Records from a collection

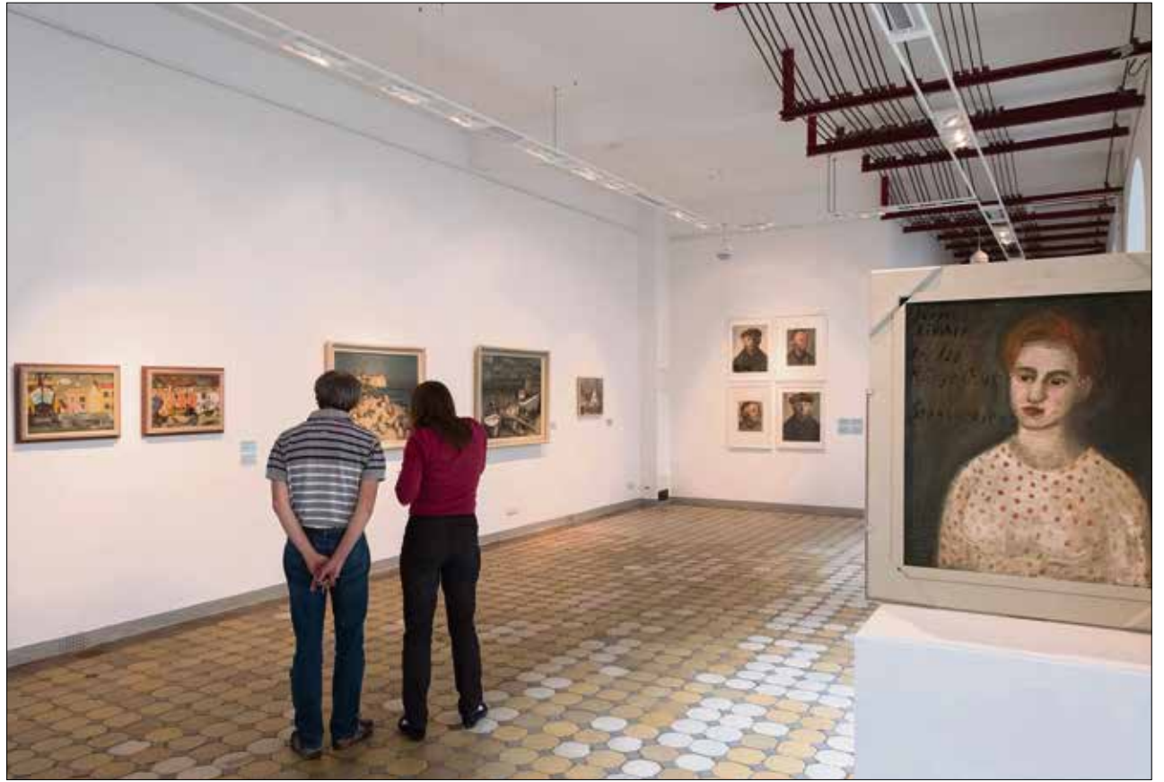
Blick in einen Ausstellungsbereich der Altana-Galerie im Görges-Bau.

Es ging bei den ersten Erwerbungen der aufstrebenden Lehranstalt, auch wenn sie eine gewisse nicht unwichtige Rolle spielten, keineswegs nur um Wissenschafts- oder Aufbau-Themen, bei den Aufträgen nicht nur um Porträts von Wissenschaftlern bzw. Rektoren. Vielmehr sah man damals die Kunst (manchmal mit eingefärbter Brille) als integralen unverzichtbaren Bestandteil des Lebens und nicht zuletzt als eine auch der Arbeitsatmosphäre zuträgliche wie geistig anregende Größe an, und entsprechend war es auch ganz selbstverständlich, dass jeweils ein bis zwei Prozent der Baukosten für ein neues Lehr- Forschungs- oder Verwaltungs-
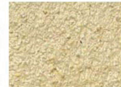
T paille 2030-Y10R
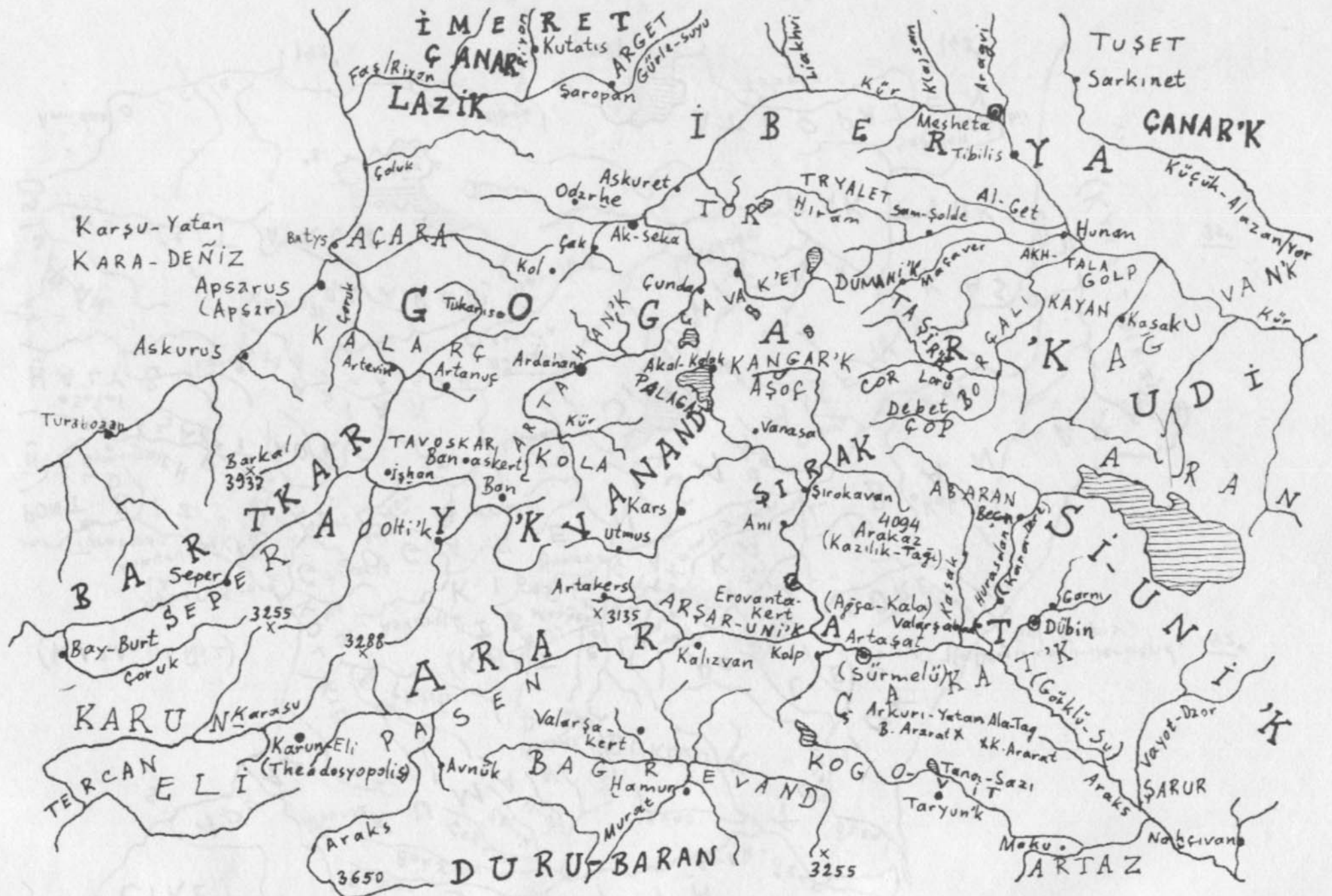
2. HARİTA M.Ö. 200-M.S. 430 yılları
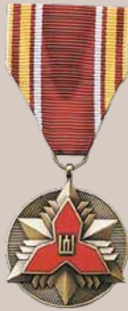
Kariuomenės pajėgų medalis „Už nepriekaištingą kariosavanorio tarnybą“ (išstarnavusiems KASP 5 metus)
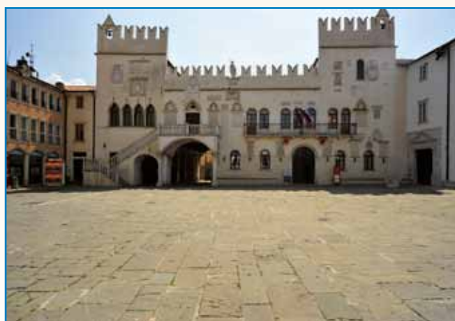
PRIPOVEJSTI O SLOVENSKI KRAJINAJ stran 9

TASK TO COMPLETE — Output the records verbatim without pictures.

THE ANSWER —
Blick in einen Ausstellungsbereich der Altana-Galerie im Görges-Bau.

Es ging bei den ersten Erwerbungen der aufstrebenden Lehranstalt, auch wenn sie eine gewisse nicht unwichtige Rolle spielten, keineswegs nur um Wissenschafts- oder Aufbau-Themen, bei den Aufträgen nicht nur um Porträts von Wissenschaftlern bzw. Rektoren. Vielmehr sah man damals die Kunst (manchmal mit eingefärbter Brille) als integralen unverzichtbaren Bestandteil des Lebens und nicht zuletzt als eine auch der Arbeitsatmosphäre zuträgliche wie geistig anregende Größe an, und entsprechend war es auch ganz selbstverständlich, dass jeweils ein bis zwei Prozent der Baukosten für ein neues Lehr- Forschungs- oder Verwaltungs-
T paille 2030-Y10R
2. HARİTA M.Ö. 200-M.S. 430 yılları
Kariuomenės pajėgų medalis „Už nepriekaištingą kariosavanorio tarnybą“ (išstarnavusiems KASP 5 metus)
PRIPOVEJSTI O SLOVENSKI KRAJINAJ stran 9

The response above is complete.